*The problem*: Go to the line with "i pamięć wzrokową." in the material below and copy from there through the line with "Капли Четыре с", exactly. Pictures are not copied.

*Supplied material*:
Segment Open

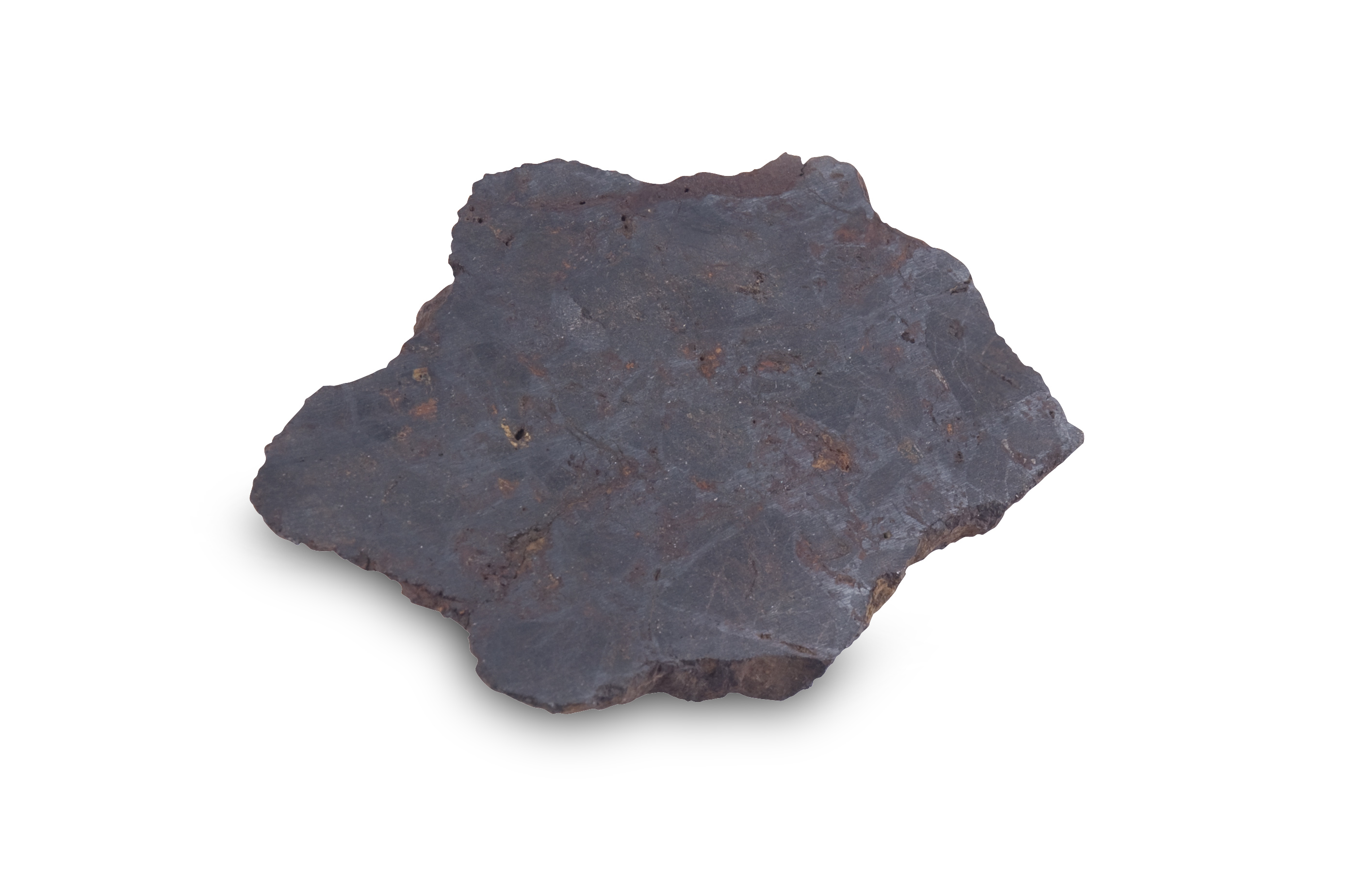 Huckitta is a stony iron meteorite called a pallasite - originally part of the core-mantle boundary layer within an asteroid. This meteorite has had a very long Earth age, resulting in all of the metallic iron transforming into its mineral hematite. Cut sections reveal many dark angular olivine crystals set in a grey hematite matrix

Segment Closed
Segment Open

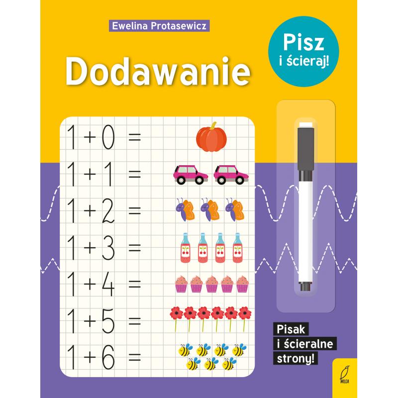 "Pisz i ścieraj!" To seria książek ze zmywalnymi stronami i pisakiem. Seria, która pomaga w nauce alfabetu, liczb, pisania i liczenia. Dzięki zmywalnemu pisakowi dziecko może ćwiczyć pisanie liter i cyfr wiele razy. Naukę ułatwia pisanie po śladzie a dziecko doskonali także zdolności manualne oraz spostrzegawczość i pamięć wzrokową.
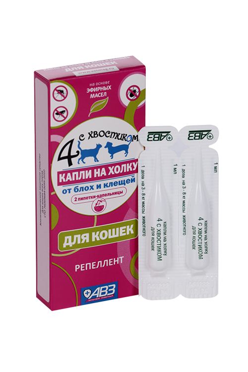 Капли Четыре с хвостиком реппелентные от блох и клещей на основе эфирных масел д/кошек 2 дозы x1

Segment Closed

*Solution for this exercise*:
 "Pisz i ścieraj!" To seria książek ze zmywalnymi stronami i pisakiem. Seria, która pomaga w nauce alfabetu, liczb, pisania i liczenia. Dzięki zmywalnemu pisakowi dziecko może ćwiczyć pisanie liter i cyfr wiele razy. Naukę ułatwia pisanie po śladzie a dziecko doskonali także zdolności manualne oraz spostrzegawczość i pamięć wzrokową.
 Капли Четыре с хвостиком реппелентные от блох и клещей на основе эфирных масел д/кошек 2 дозы x1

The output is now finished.